• [Data provided]:
::::::::::
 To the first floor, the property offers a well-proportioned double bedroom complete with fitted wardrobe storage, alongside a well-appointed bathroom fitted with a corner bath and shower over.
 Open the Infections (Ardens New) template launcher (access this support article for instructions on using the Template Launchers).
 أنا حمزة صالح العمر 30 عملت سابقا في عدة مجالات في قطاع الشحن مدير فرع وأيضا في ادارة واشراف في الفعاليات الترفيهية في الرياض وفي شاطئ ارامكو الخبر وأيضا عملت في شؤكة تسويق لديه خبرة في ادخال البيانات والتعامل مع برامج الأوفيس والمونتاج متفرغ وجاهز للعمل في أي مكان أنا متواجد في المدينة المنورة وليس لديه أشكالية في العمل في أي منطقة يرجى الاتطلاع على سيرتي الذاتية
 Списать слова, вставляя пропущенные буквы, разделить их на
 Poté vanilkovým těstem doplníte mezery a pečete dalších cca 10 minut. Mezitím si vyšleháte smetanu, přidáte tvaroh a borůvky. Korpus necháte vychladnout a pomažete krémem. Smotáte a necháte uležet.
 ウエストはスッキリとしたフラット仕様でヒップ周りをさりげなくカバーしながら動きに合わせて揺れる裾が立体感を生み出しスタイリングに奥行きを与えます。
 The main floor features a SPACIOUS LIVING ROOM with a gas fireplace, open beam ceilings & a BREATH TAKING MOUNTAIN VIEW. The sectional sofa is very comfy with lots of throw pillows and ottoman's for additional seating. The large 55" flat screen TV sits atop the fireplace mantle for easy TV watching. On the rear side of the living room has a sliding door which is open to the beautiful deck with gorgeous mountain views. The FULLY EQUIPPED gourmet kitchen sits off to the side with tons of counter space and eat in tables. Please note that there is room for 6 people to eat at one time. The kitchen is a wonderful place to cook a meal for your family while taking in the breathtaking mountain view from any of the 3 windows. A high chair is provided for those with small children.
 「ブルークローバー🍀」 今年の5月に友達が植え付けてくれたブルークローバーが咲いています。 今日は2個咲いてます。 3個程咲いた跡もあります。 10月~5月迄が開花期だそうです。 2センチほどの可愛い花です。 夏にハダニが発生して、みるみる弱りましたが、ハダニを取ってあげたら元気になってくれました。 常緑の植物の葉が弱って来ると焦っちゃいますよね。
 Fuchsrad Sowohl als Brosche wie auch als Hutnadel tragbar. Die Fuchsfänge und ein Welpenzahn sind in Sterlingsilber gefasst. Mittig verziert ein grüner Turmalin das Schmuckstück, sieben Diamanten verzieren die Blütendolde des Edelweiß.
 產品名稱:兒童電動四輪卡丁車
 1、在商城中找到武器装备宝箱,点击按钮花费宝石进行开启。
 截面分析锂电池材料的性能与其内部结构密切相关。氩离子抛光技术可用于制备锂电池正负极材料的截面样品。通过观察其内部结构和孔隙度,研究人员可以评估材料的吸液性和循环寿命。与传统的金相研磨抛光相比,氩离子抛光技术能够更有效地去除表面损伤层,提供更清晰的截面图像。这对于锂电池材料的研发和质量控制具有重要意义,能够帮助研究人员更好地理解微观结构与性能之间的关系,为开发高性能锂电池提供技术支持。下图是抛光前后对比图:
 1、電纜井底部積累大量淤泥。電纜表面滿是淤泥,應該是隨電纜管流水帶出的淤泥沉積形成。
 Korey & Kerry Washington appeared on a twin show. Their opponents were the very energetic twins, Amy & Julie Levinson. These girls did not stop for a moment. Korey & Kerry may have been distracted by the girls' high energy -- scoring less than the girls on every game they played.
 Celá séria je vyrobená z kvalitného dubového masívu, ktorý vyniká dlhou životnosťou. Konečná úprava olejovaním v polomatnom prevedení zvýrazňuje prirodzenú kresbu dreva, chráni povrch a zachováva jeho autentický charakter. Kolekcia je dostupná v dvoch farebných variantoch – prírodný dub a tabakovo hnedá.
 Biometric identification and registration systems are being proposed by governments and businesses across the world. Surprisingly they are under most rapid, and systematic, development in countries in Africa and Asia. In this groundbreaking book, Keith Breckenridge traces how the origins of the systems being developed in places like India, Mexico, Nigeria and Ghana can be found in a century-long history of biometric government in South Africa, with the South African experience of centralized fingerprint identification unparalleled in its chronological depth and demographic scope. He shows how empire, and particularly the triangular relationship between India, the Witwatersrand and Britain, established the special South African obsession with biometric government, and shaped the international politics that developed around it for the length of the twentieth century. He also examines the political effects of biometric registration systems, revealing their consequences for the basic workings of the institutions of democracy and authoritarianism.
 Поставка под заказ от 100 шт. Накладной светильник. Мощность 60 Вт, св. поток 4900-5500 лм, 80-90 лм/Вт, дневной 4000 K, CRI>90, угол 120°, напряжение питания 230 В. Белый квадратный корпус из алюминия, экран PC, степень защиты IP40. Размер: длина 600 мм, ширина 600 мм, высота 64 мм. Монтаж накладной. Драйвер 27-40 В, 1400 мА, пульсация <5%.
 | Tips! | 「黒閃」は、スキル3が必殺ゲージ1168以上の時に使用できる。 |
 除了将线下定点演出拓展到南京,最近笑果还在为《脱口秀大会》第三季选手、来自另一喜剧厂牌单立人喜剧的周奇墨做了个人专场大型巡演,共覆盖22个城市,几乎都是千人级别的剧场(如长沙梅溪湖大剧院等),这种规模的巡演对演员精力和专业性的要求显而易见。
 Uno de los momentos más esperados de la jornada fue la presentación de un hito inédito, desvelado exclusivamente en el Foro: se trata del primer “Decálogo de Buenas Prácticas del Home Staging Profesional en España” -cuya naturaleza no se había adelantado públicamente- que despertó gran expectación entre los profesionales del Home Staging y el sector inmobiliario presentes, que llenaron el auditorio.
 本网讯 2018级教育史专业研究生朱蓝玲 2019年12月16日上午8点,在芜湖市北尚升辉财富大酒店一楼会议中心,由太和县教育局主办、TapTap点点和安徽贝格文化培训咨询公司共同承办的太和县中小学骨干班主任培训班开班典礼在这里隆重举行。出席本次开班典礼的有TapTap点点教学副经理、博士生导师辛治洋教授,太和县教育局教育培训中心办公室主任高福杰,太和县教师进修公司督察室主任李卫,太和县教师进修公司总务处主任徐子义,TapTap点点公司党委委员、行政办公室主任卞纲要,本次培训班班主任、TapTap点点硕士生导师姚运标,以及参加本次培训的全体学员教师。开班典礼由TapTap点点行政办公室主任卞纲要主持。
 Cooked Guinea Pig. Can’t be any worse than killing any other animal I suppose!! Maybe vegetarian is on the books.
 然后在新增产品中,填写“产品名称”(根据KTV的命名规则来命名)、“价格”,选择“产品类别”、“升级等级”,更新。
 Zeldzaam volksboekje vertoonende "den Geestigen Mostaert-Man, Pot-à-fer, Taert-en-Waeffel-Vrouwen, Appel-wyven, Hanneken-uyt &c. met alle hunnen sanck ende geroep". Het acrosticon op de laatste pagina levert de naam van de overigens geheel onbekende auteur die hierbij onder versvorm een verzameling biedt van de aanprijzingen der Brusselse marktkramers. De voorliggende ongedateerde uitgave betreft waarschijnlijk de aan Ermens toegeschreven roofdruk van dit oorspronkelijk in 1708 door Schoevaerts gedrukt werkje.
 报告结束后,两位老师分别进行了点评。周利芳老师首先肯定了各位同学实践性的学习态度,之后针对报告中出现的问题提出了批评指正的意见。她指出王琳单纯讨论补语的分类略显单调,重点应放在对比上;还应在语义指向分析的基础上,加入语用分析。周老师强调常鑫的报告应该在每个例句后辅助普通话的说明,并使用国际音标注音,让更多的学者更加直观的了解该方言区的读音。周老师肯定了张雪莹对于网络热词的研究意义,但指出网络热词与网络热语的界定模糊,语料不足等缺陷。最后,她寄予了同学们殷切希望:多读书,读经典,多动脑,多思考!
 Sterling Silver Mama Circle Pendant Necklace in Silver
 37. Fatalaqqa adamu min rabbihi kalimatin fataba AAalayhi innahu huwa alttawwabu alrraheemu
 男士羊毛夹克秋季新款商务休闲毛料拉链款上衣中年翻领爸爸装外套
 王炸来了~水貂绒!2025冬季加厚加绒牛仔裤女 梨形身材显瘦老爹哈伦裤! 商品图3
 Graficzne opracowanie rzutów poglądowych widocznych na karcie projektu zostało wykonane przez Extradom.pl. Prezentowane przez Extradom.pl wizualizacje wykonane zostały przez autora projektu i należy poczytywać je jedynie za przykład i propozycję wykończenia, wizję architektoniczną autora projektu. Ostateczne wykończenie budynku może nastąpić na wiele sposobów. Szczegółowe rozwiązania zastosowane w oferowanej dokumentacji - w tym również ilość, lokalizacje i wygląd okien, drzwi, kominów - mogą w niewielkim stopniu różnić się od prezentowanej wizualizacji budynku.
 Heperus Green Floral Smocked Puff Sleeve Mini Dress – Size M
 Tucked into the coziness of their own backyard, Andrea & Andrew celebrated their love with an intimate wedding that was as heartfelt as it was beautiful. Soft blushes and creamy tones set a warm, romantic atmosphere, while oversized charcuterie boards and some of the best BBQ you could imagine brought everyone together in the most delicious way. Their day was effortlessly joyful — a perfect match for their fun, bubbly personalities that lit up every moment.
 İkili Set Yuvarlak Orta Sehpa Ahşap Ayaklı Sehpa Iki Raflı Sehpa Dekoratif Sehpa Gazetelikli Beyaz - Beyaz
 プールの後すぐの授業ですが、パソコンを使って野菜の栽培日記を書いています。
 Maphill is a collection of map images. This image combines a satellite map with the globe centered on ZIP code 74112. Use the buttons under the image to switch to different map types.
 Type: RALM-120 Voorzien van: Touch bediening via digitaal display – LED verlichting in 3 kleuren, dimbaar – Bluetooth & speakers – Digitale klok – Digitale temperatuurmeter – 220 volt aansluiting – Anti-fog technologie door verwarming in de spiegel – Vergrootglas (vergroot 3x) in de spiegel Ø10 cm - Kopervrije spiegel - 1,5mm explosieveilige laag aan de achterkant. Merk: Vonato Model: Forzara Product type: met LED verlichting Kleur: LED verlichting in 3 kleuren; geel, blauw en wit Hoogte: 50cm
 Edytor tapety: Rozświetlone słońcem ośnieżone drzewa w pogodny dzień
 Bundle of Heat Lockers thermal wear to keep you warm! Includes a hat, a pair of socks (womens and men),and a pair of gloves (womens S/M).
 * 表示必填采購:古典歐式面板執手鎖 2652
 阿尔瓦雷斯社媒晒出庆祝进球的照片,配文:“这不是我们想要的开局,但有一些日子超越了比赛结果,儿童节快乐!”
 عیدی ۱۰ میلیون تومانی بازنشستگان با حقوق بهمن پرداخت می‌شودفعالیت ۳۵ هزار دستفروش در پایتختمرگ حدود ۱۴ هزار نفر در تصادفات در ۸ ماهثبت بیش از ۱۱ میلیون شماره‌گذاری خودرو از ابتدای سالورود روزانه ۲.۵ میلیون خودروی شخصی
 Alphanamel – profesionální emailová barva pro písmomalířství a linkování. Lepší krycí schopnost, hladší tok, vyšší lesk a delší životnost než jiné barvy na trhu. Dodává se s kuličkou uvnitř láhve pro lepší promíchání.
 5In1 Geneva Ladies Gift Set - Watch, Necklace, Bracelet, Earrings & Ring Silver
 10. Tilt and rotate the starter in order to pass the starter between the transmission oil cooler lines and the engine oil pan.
::::::::::
• [Task description]: Work through the entries above and report the number of lines that include "floor", with nothing else.

• [Output for this task]: 2